Same way japanese swordsmanship has no stake in relation to european, etc.      

I have done a TL;DR currently, but i will read the post and put a reply to it below.


----------



## Flying Crane (Feb 8, 2020)

Seems to me I saw a video once of a bullet shot at the edge of a sword, might have been a katana, and might have been .50 cal. My memory is a bit hazy.  I don’t remember if the bullet was jacketed or bare lead.  Anyways, the bullet was split in two when it hit the sword edge, and it seemed to me that the blade and edge were not damaged. At least as far as I could tell on the video.

I think this speaks volumes for the toughness and durability of a sword edge, when made of an appropriate steel, by a skilled craftsman.


----------



## Flying Crane (Feb 8, 2020)

Here is an episode of Forged in Fire, where they test the sword blades by splitting a .45 cal. Bullet across the edge.  Looks like there is no edge damage. 
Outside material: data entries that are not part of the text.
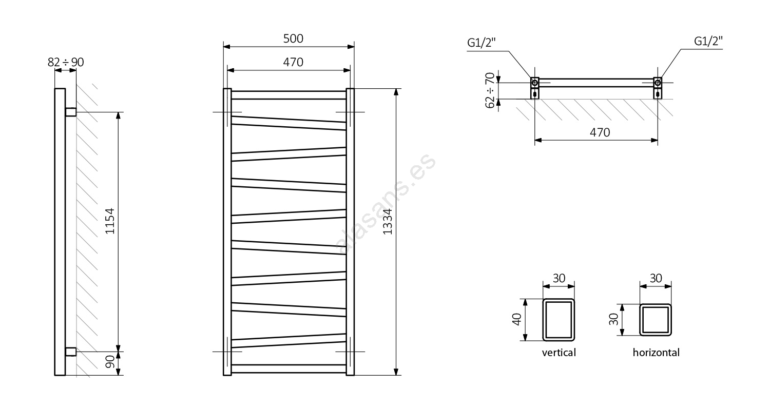 Sapho - Radiador toallero ZIG para baño, 490 W/230 V, 50 x 133 cm, blanco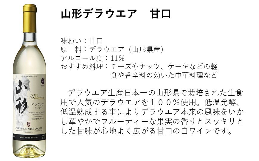 (有)朝日町ワインは朝日町ぶどう生産組合25軒の契約栽培農家が丹精込めて栽培した原料を主体に山形県産100%で醸造しております。特に「マスカットベーリーA種」は、朝日町ワインを代表する品種で契約栽培の原料のみを使用し醸造した「山形マスカットベーリーA ロゼ 甘口」と、セットでお届けする山形県産デラウエアを100%使用した「山形デラウエア甘口」と併せてお楽しみください。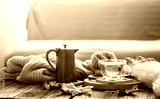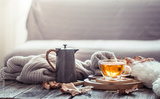 Cozy autumn still life with a cup of tea
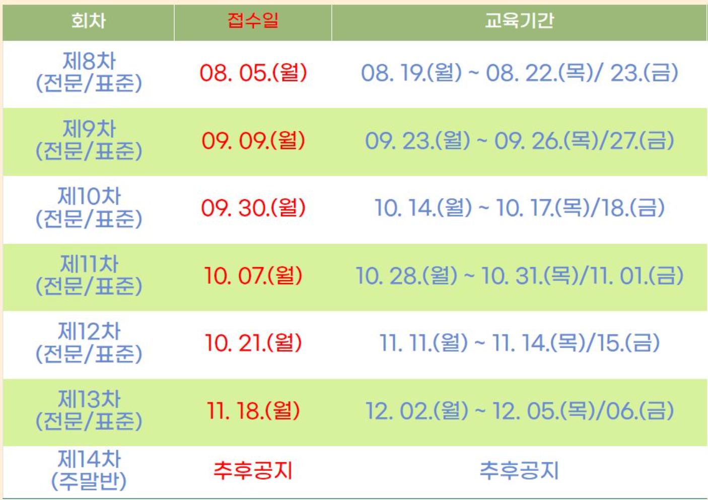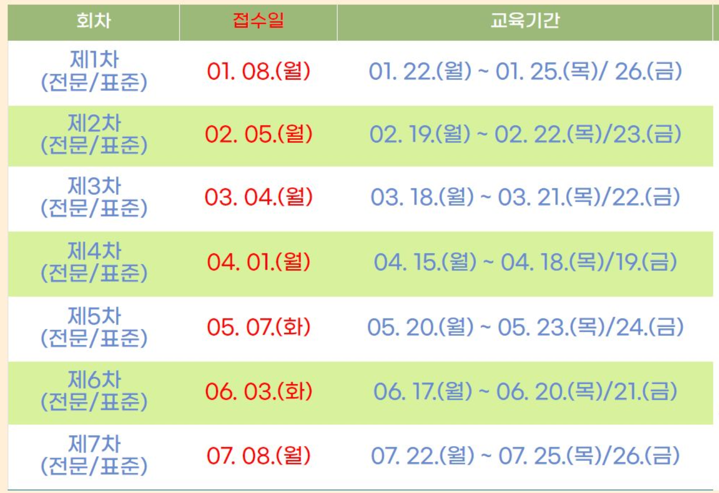 교육일정은 기관 사정에 따라 변경될 수 있으니 홈페이지의 연간 일정을 수시로 확인해 봐야 한다.

I’ve seen other programs highlighting trick shooters who were doing things like splitting bullets on knife blades and tomahawk heads.


----------



## Christopher Adamchek (Feb 13, 2020)

Blindside said:


> Something I filmed a couple of years ago.
> 
> 
> 
> ...



lot of great points in this thread 
reducing blade damage with the side or back 
not over worrying if there is edge to edge if it happens 
the edge to edge can help control and entries 
in relation to this video a point you didnt mention is that if to do go edge to end is to avoid perfectly perpendicular edge to edge gives you the edge effect while also reducing edge damage


----------